Pure heroin (diacetylmorphine) is a white powder with a bitter taste abused for its euphoric effects. Heroin, a highly addictive drug, is derived from the morphine alkaloid found in opium poppy plant (Papaver somniferum) and is roughly 2 to 3 times more potent than morphine. It is usually injected, smoked or snorted up the nose. It exhibits euphoric (“rush”), anti-anxiety and pain-relieving properties.
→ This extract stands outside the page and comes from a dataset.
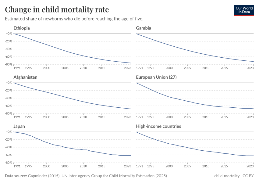 In the previous chart, progress in the EU looked a little underwhelming. But, in fact, rates have fallen by 69%. Even in Japan, one of the safest countries to be born in, child mortality rates have dropped by almost two-thirds. Those are not small reductions. Children are much less likely to die than they were in 1990.

- Most illicit heroin is sold as a white or brownish powder and is usually “cut” with other drugs or with substances such as sugar, starch, powdered milk, or quinine. It can also be cut with strychnine or other poisons. This is the form that is injected.
- Potent opioids such as fentanyl and carfentanyl have been found cut into heroin accessed on the streets, and can be deadly to the unsuspecting user.
- Another form known as “black tar” may be sticky, like roofing tar, or hard, like coal. Its color may vary from dark brown to black. This form is usually smoked or snorted.
- Because abusers do not know the actual strength of the drug or its true contents, they are at often risk of overdose or death.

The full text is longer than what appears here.